*** Block opens ***

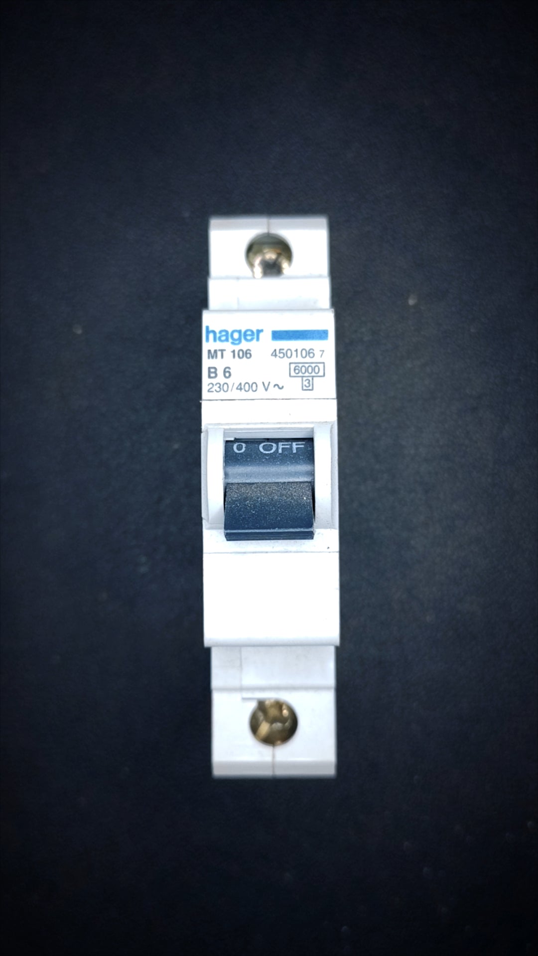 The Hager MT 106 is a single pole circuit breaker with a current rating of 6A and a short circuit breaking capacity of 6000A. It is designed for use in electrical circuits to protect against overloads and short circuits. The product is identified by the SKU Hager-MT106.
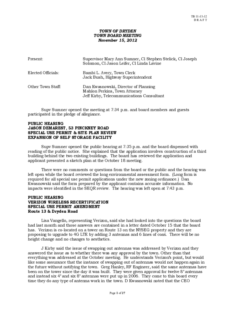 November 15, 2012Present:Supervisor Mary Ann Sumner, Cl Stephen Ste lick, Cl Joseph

*** Block closes ***
*** Block opens ***

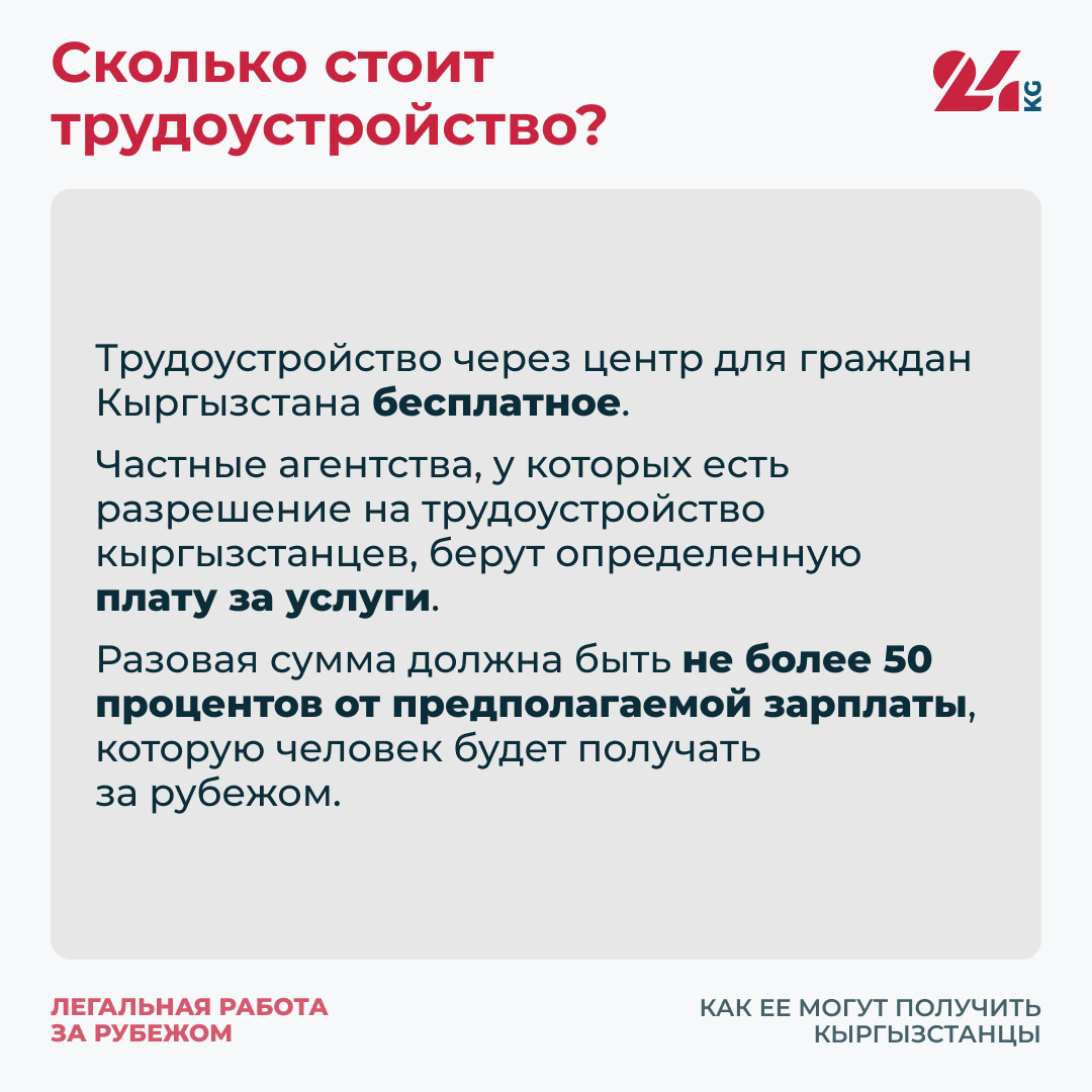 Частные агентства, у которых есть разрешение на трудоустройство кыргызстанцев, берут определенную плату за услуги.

*** Block closes ***
*** Block opens ***

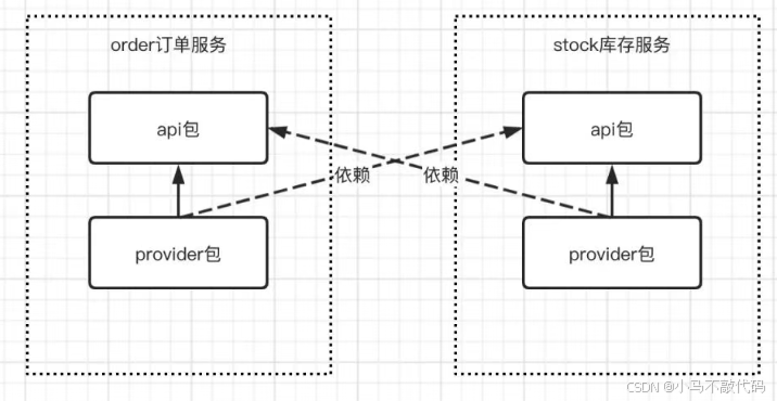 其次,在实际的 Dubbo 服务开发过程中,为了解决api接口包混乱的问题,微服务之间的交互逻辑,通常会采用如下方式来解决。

*** Block closes ***

*Assigned task*
Restate the lines above from the one containing "The Hager MT" through the one containing "November 15, 2012Present:Supervisor", inclusive, exactly and without pictures.

*Reply to the exercise*
 The Hager MT 106 is a single pole circuit breaker with a current rating of 6A and a short circuit breaking capacity of 6000A. It is designed for use in electrical circuits to protect against overloads and short circuits. The product is identified by the SKU Hager-MT106.
 November 15, 2012Present:Supervisor Mary Ann Sumner, Cl Stephen Ste lick, Cl Joseph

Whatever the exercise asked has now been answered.